Trusting your heart is the biblical thing to do.

It's o.k. to trust your heart now.  In fact, Jesus wants you to.

Your heart can be trusted now because it is no longer 'deceitfully wicked.'  If you follow Christ, it would be wrong to mistrust your heart:  It would be at cross-purposes with what God is doing in your life to constantly hold your desires under suspicion.

I recently asked a group of men to raise their hands if they thought that trusting their hearts was the right thing to do.  About a third of the hands went up.  The majority thought that holding their heart under suspicion was the biblical thing to do.  As we unpacked the truth of their new hearts, given to them when they said 'yes' to Jesus, we exposed the debilitating assumptions they were taught about their hearts.

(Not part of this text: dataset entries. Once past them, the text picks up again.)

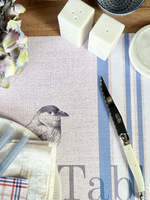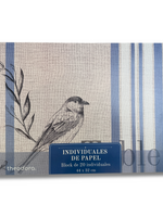 Individuales de papel con diseño simple en tonos celeste y neutros, ideales para una mesa entretenida y almuerzos al aire libre, el complemento ideal para tu mesa.
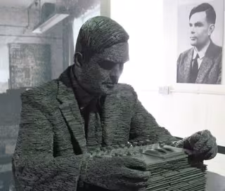 Estatua de Turing y su retrato de fondo. - WIKIPEDIA
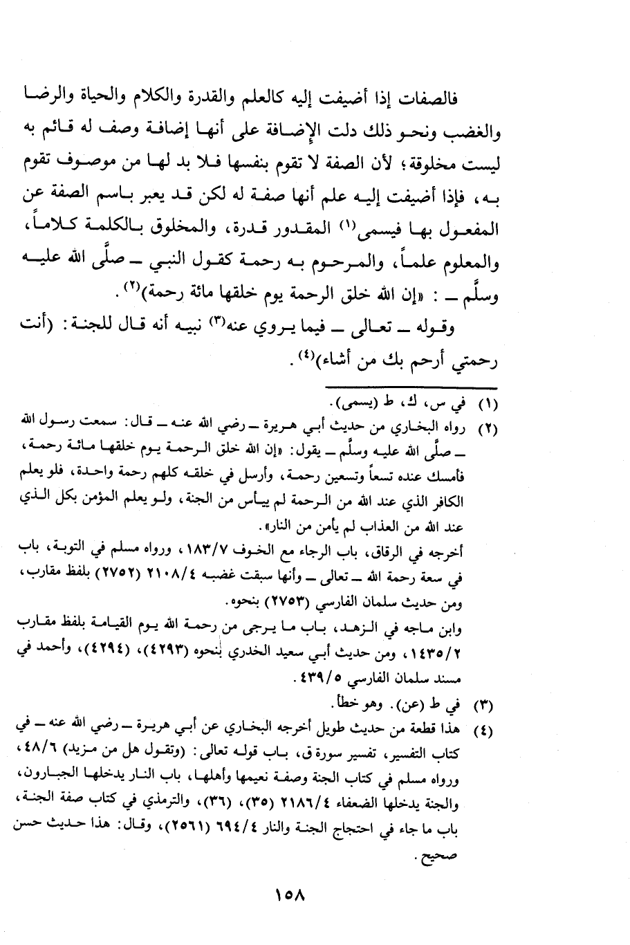 فَالصِّفَاتُ إِذَا أُضِيفَتْ إِلَيْهِ كَالْعِلْمِ وَالْقُدْرَةِ وَالْكَلَامِ وَالْحَيَاةِ وَالرِّضَا وَالْغَضَبِ وَنَحْوِ ذَلِكَ دَلَّتِ الْإِضَافَةُ عَلَى أَنَّهَا إِضَافَةُ وَصْفٍ لَهُ قَائِمٍ بِهِ لَيْسَتْ مَخْلُوقَةً ; لِأَنَّ الصِّفَةَ لَا تَقُومُ بِنَفْسِهَا فَلَا بُدَّ لَهَا مِنْ مَوْصُوفٍ تَقُومُ بِهِ فَإِذَا أُضِيفَتْ إِلَيْهِ عُلِمَ أَنَّهَا صِفَةٌ لَهُ لَكِنْ قَدْ يُعَبَّرُ بِاسْمِ الصِّفَةِ عَنِ الْمَفْعُولِ بِهَا فَيُسَمَّى الْمَقْدُورُ قُدْرَةً وَالْمَخْلُوقُ بِالْكَلِمَةِ كَلَامًا وَالْمَعْلُومُ عِلْمًا وَالْمَرْحُومُ بِهِ رَحْمَةً كَقَوْلِ النَّبِيِّ - صَلَّى اللَّهُ عَلَيْهِ وَسَلَّمَ - «إِنَّ اللَّهَ خَلَقَ الرَّحْمَةَ يَوْمَ خَلَقَهَا مِائَةَ رَحْمَةٍ» .
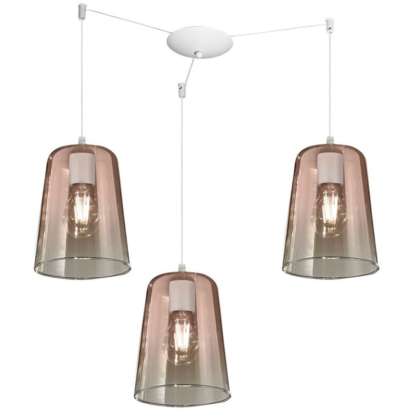 Sospensione tre luci di semplice design ma dall'effetto luminoso e colorato nella stanza. Un lampadario dalla doppia luminosità consigliato per penisole, tavoli da pranzo, scrivanie ... o da installare al centro di qualsiasi stanza. Illuminare e arredare con semplicità. Sospensione Top Light SHADED 1164BI S3 S RA Lampada soffitto con calate vetro pirex trasparente rame, E27 LED Diametro diffusore in vetro di 16 centimetri. La sospensione è provvista di tre portalampade E27 per lampadine a led escluse, da 18W. Le lampadine a led possono essere scelte di ben tre tonalità diverse a seconda dell'arredamento, di luce calda 2700-3000°K, di luce naturale 4000°K o di luce fredda 5000-6500°K. La temperatura di colore di 2700°K-3000°K indica una luce calda e accogliente, simile al tono delle vecchie lampadine incandescenti. Questa temperatura di colore genera un'atmosfera confortevole e romantica. La luce naturale con temperatura di colore di 4000°K è considerata una luce bianca a tonalità
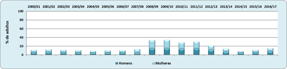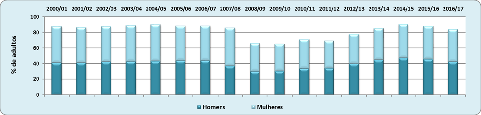 de educação/formação orientadas para adultos, por sexo, no Continente
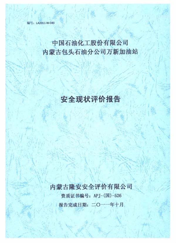 固陽(yáng)縣中建石油有限公司加油站安全現(xiàn)狀評(píng)價(jià)
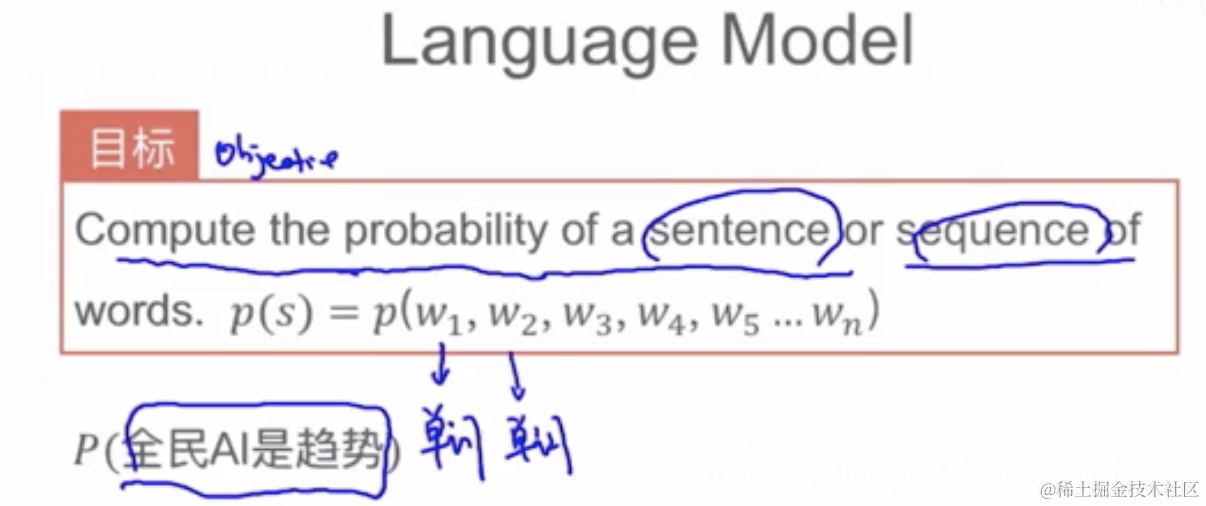 - 从机器学习的角度来看:语言模型是对语句的概率分布的建模。
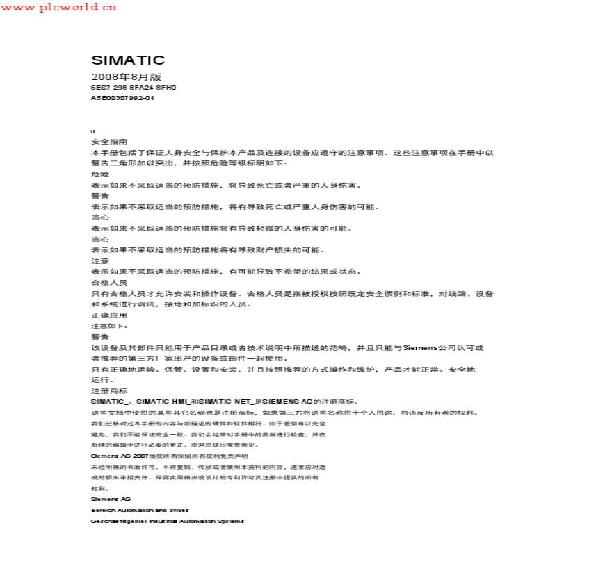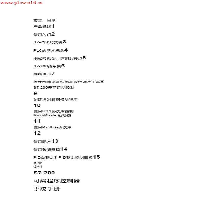 中国 《 PLC中文》 学习资料页 前言,目录 产品概述 使用入门 的安装 PLC的基本概念 的概念惯例及特点 指令集 络通讯 硬件故障诊断指南和软件调试工具 开环运动 DFA 介绍了关于的详细说明,提供S更多下载资源、学习资料请访问CSDN多多文库频道 多多文库首页开发技术其它 PLC中文介绍了关于西门子S PLC中文的详细说明,提供的的技术资料的下载。
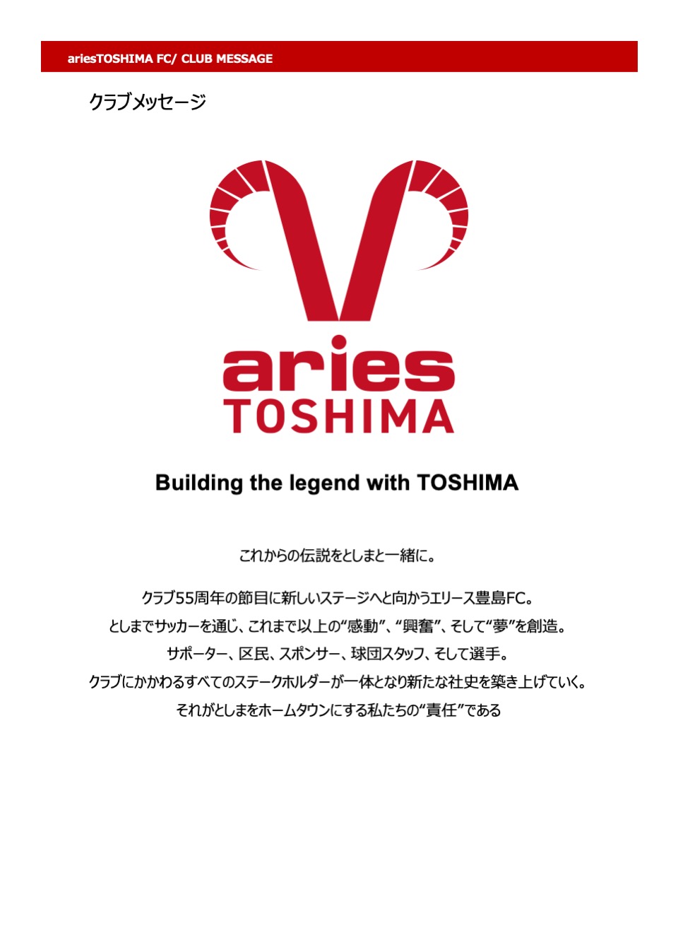 としまでサッカーを通じ、これまで以上の“感動”、“興奮”、そして“夢”を創造。
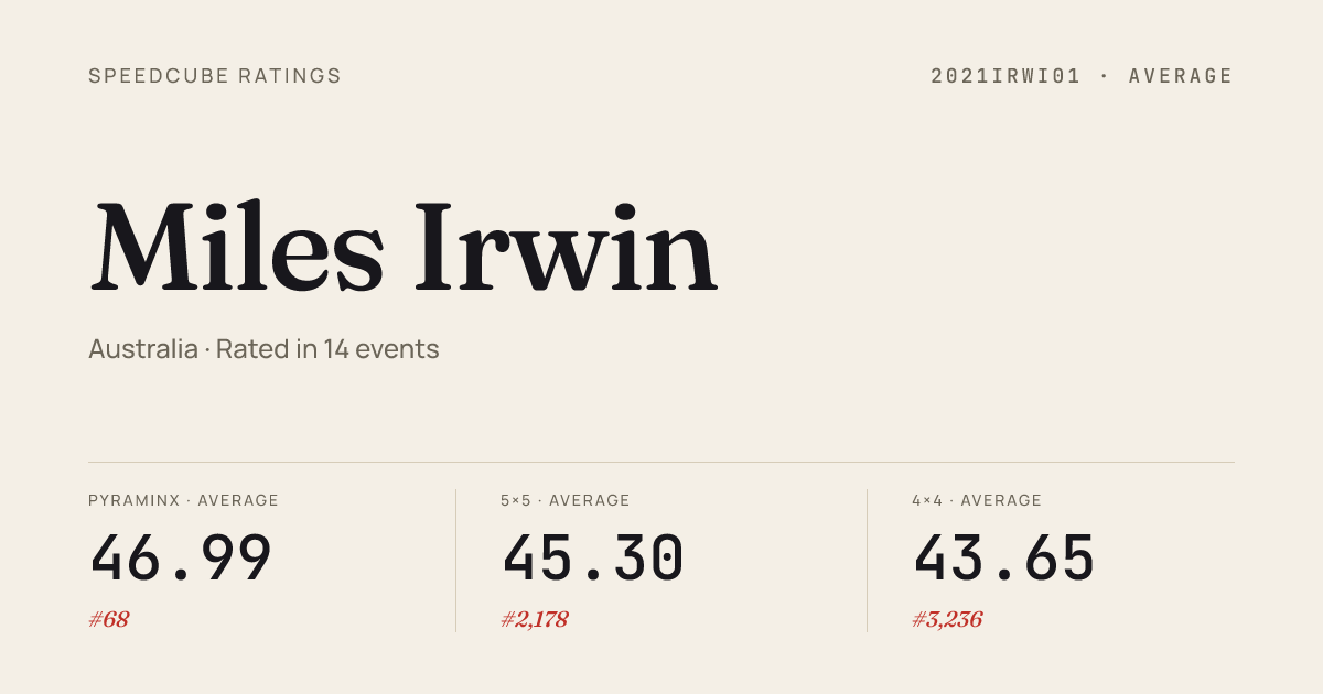 Apr 19, 20263x3x3 Fewest Moves · FinalSolvinginSale2026 · 14th39Apr 19, 20263x3x3 One-Handed · Combined FinalSolvinginSale2026 · 25th24.21Apr 19, 20264x4x4 Cube · Combined FinalSolvinginSale2026 · 19th41.36Apr 19, 20265x5x5 Cube · Combined FinalSolvinginSale2026 · 12th1:09.98Apr 19, 2026Megaminx · Combined FinalSolvinginSale2026 · 28th1:34.39Apr 19, 2026Pyraminx · Round 1SolvinginSale2026 · 1st2.55Apr 19, 2026Pyraminx · FinalSolvinginSale2026 · 1st2.19Apr 19, 2026Pyraminx · Round 2SolvinginSale2026 · 1st2.20Apr 19, 2026Skewb · Round 1SolvinginSale2026 · 32nd8.48Apr 12, 20262x2x2 Cube · Round 1Orange2026 · 8th3.34Apr 12, 20262x2x2 Cube · FinalOrange2026 · 3rd3.11Apr 12, 20263x3x3 Cube · Round 2Orange2026 · 9th10.82Apr 12, 20263x3x3 Cube · Round 1Orange2026 · 6th10.67Apr 12, 20263x3x3 Cube · FinalOrange2026 · 6th10.78Apr 12, 20263x3x3 One-Handed · Round 1Orange2026 · 10th25.90Apr 12, 20263x3x3 One-Handed · Combined FinalOrange2026 · 8th24.01Apr 12, 20265x5x5 Cube · Combined FinalOrange2026 · 4th1:16.24Apr 12, 2026Clock · Round 1Orange2026 · 4th6.94Apr 12, 2026Clock · Combined FinalOrange2026 · 3rd5.85
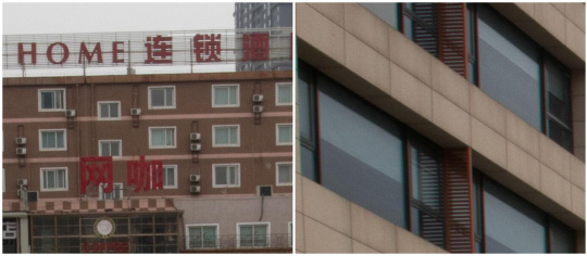 镜头在10mm和24mm的两端,最大光圈下紫边都比较明显。10mm下光圈缩小到F5.6后紫边开始有所减弱,F8后基本消失。而24mm端,光圈在F4.5-F5.6是比较明显的,当光圈缩小到F8.0之后才变得轻微。
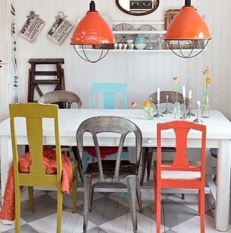 As cadeiras antigas também são perfeitas para decorar a sala de jantar com móveis vintage. Destacam-se as cadeiras envernizadas com tinta de cores vivas, os modelos de madeira envelhecida, as de madeira combinadas com aço, bem como a decoração de cadeiras com estofados em couro marrom, ou com tecidos coloridos e estampados florais e formas geométricas abstratas.
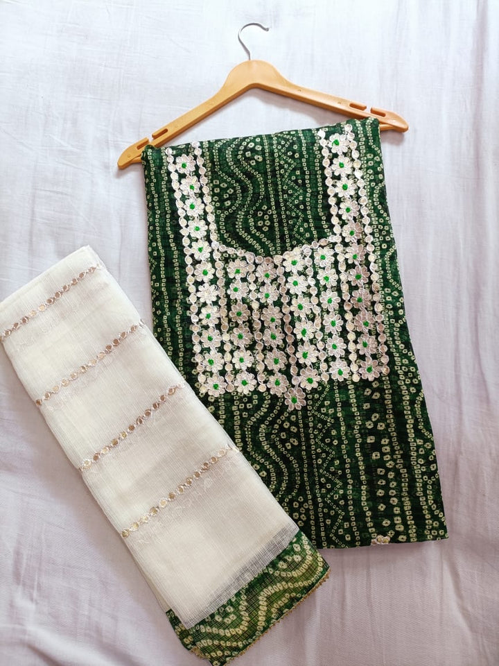 Panna- Green Kota Doria Gota Embroidered Suit (unstitched)
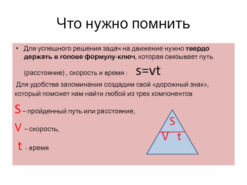 1. формула-ключ s=vt
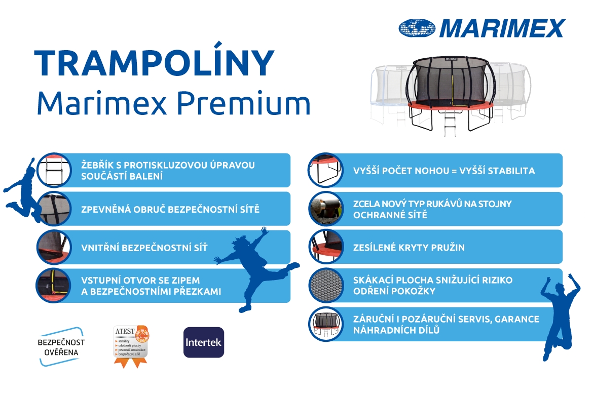 Trampolíny Marimex Premium nevynikají pouze novým designem a barevností, ale také větší stabilitou, pevností a bezpečností. Zvýšené stability trampolín Marimex Premium je dosaženo pomocí vyššího počtu nohou. Bezpečnost zajišťují zesílené ochranné kryty pružin a nová technologie T-spojů. Vnitřní ochrannou síť podpírá osm dynamicky prohnutých tyčí a napnutou ji drží zpevněná horní obruč. Skákací plocha je vyrobena z velmi odolného a neabrazivního materiálu s vysokou životností.

I explained that within the new heart Jesus gave them came new and noble desires -- and that dismissing those desires as selfish or inherently wicked would prevent them from doing certain things like:

  • discovering their unique calling
  • loving God and loving each other


But not all desires are created equal

There are, of course, competing desires that can be whispered to us, but those desires are not ours.  They are either whispered by the Enemy, or our culture, or our 'flesh' (which is no longer us, not our real self);  but those desires are not our desires.  False desires are like thorns lodged in the skin -- they are embedded in our bodies, but not of our bodies.  The thorns cry out for our attention, but our health lies in the vitality already present in our bodies.  Our concern must focus on what's most alive and already present within us.  That's where God focuses his energy.

Ask God to reveal the desires of your heart
Stay with the process.  It's what he's up to in your life.  Trusting your heart is biblical.